Fatty acids, main constituents of this UVCB substance, are typically unbranched, with different chain length. They are found in all living organism fulfilling three fundamental roles. Besides their function as part of molecules like phospholipids and glycolipids important for the cell-structure, they are often precursors of signalling molecules such as prostanoids in animals or phytohormones in plants. The third and best understood role of fatty acid is their role as an energy source, particularly in higher animals and plants. According the available data in the literature, fatty acids are almost completely absorbed after oral intake, whereas only limited dermal uptake has to be expected. The major metabolic pathway for linear fatty acids is the β-oxidation pathway for energy generation, while alternatives are the α- and ω-oxidation. Besides this, fatty acids are stored as lipids in adipose tissue, used as part of cellular membranes, as well as precursors for signalling molecules and even long chain fatty acids. It can be summarized:

Rapid absorption of free fatty acids from the gut following ingestion of either natural or synthetic (MCT) fats and oils or of free fatty acid or its salt.

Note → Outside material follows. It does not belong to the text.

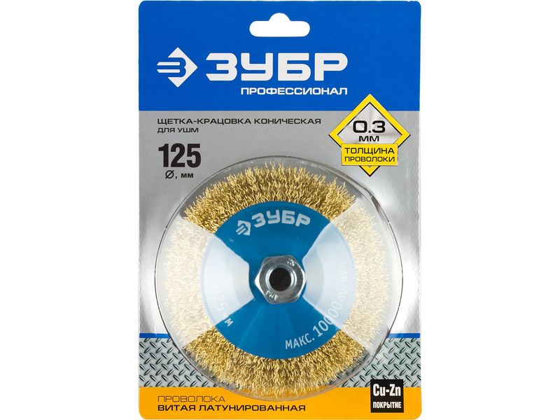 Щетка коническая для УШМ, витая латунированная стальная проволока 0,3мм, 125ммхМ14-298

Rapid and complete metabolism in the liver, with no other metabolites than carbon dioxide and water.

No bioaccumulation.

Key value for chemical safety assessment

Bioaccumulation potential:
no bioaccumulation potential
Absorption rate - oral (%):
100

Additional information

Pelargonic acid, the main constituent of the target substance, is a naturally occurring fatty acid (see also the assessment of the Marin Municipal Water District in section 13), and pelargonic acid esters are used as a food flavoring substance (cf. WHO Technical Report No. 868 in section 13). Like all other naturally occurring fatty acids, pelargonic acid is utilized as food substrate for virtually all life forms including bacteria, fungi, algae, plants, animals and human beings (Zschintzsch, 2003). Fatty acids are required for the organism's energy supply and biosynthesis of a variety of biomolecules including adipose and membrane lipids.

 

In mammals and humans, absorption takes place through the cell membranes of the intestinal brush border cells of the jejunum, regardless of whether the fatty acid moiety is ingested as free fatty acid, as a salt or as a component of lipids. Short and intermediate chain fatty acids, like pelargonic acid, are absorbed directly and rapidly from the intestinal lumen into the portal circulation where they are bound to serum proteins and are transported to the liver and other tissues (Zschintzsch, 2003).

 

ß-oxidation in the mitochondria is the main metabolic pathway (Zschintzsch, 2003; Cragg, 2001; WHO, 1998). Even-numbered fatty acids are degraded via ß-oxidation to CO2and acetyl-CoA, under the release of biochemical energy. Odd-numbered fatty acids like pelargonic acid are similarly decomposed to CO2and propionyl-CoA. The latter undergoes further degradation to succinyl-CoA resp. acetyl-CoA. These compounds are oxidized via the citric acid cycle to CO2and water. No other ultimate excretion products than CO2and water will be formed. Thus, pelargonic acid or metabolites thereof are unlikely to accumulate (Zschintzsch, 2003).

 

Medium Chain fatty acid Triglycerides (MCT) represent another source of fatty acids. The fatty acid composition may vary from one MCT to the other MCT preparation. MCT are rapidly hydrolysed to the free fatty acids and glycerol. The fatty acids are then rapidly transported to the liver where primarily mitochondrial metabolism takes place. Acetyl-CoA produced during ß-oxidation may be utilised for biosynthesis or for energy supply. The terminal metabolites are water and carbon dioxide (Bach and Babayan 1982; see also CLH reports (Austria, 2001 and 2012) on octanoic, nonanoic, and decanoic acids [see assessment reports in section 13], Papamandiaris et al. 1998; Traul et al. 2000 [section 13].

MCT are used in patients who need parenteral infusions, or in the treatment of obese because the caloric contents of MCT is less than that of dietary fats and oils. No adverse effects were seen in MCT safety studies even at high doses, nor in treated patients. The therapeutic effect (body weight reduction) was, however, found to be questionable (Papamandiaris et al. 1998).